POLITICAL INTELLIGENCE
HEALTH CARE
A Necessary Gamble
CARMEN ZUNIGA LEAVES HER HOUSE IN MCALLEN EVERY Monday, Wednesday, and Friday before dawn to go to a dialysis center about 4 miles away. Zuniga has had diabetes for nearly three decades; the disease has left her mostly blind and reliant on dialysis to stay alive. But her trips to the center have become far more dangerous as coronavirus spreads rapidly around the country. Now she worries that the very thing keeping her alive may be what kills her.
Health clinics in the Rio Grande Valley have reduced in-person visits, urging patients to stay home if possible. For many diabetics, who are at higher risk for coronavirus complications, not seeing a doctor regularly can be risky. For those on dialysis, missing even one session can have disastrous consequences. So Zuniga’s only excursions from home these days are to the center, where she sits in a room with about 20 other people for 12 hours every week. She worries that others aren’t taking the pandemic very seriously, but there’s not much she can do. “Mentally I’m scared. I get anxious,” Zuniga, 62, says. “I think I’m gonna die.”

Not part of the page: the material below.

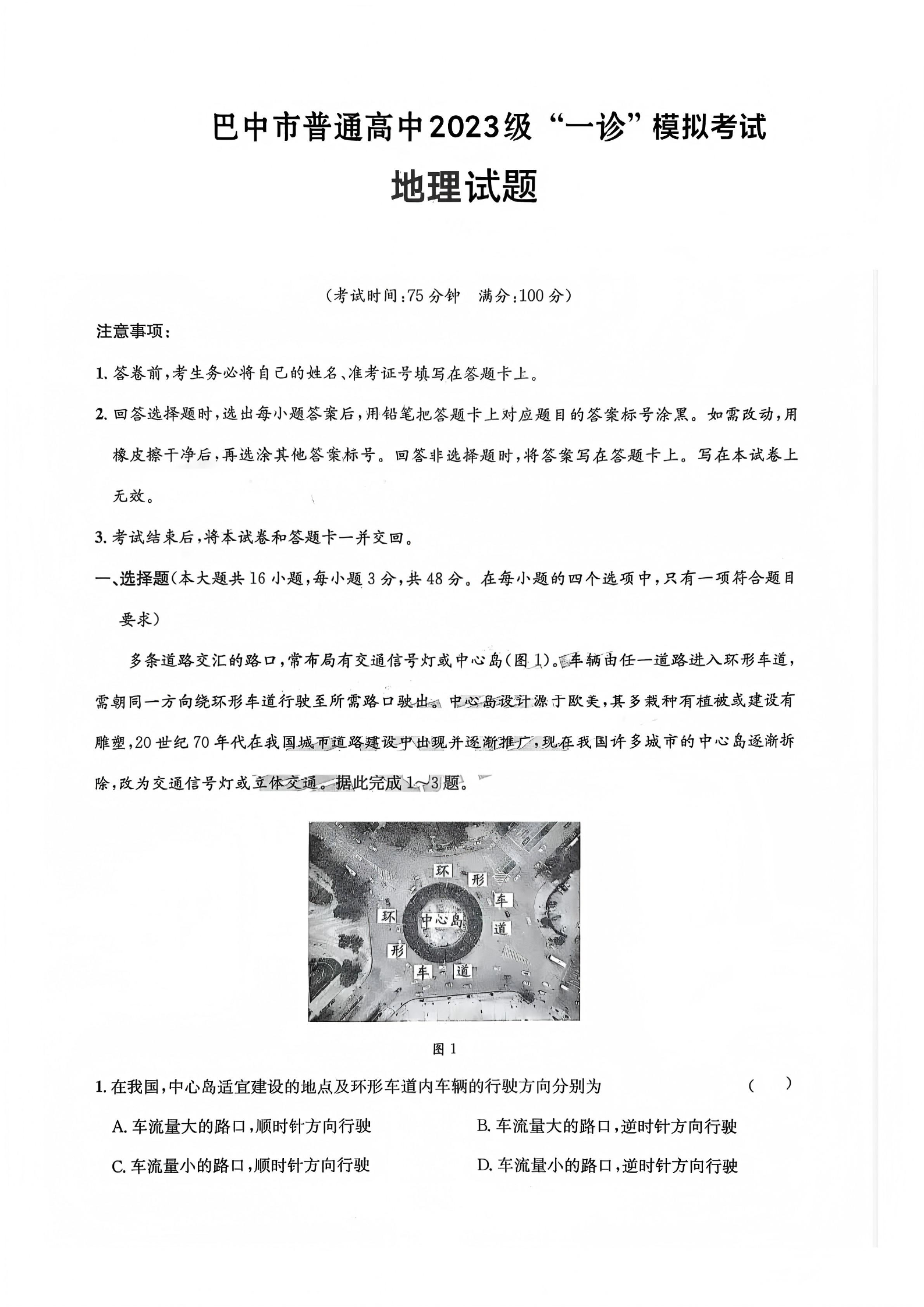 巴中市普通高中2023级“一诊”模拟考试 地理.pdf
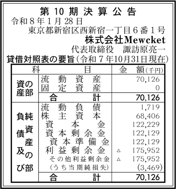 | 会社名 | 株式会社Mewcket |

I first met Zuniga when I was writing a story for the Observer on the crisis of diabetic amputations in the Valley. About one-third of residents have diabetes, triple the national rate, and the region is one of the poorest and least insured in the United States. The lack of access compounds: Uninsured people are more likely to skip medical care, exacerbating underlying health issues. Those conditions make COVID-19 more dangerous—but being uninsured means facing even more barriers to treatment if they do get the virus.
“It’s just a really crazy situation,” says Ann Millard, a retired Texas A&M University professor who has helped run a, or flea market, in Alamo for years. If testing were more readily available, it would be helpful for uninsured people even if they can’t afford treatment, she says, because they could isolate themselves from their family. But that, too, could prove unfeasible: Many, particularly those living in border colonias, don’t have the space, Millard says.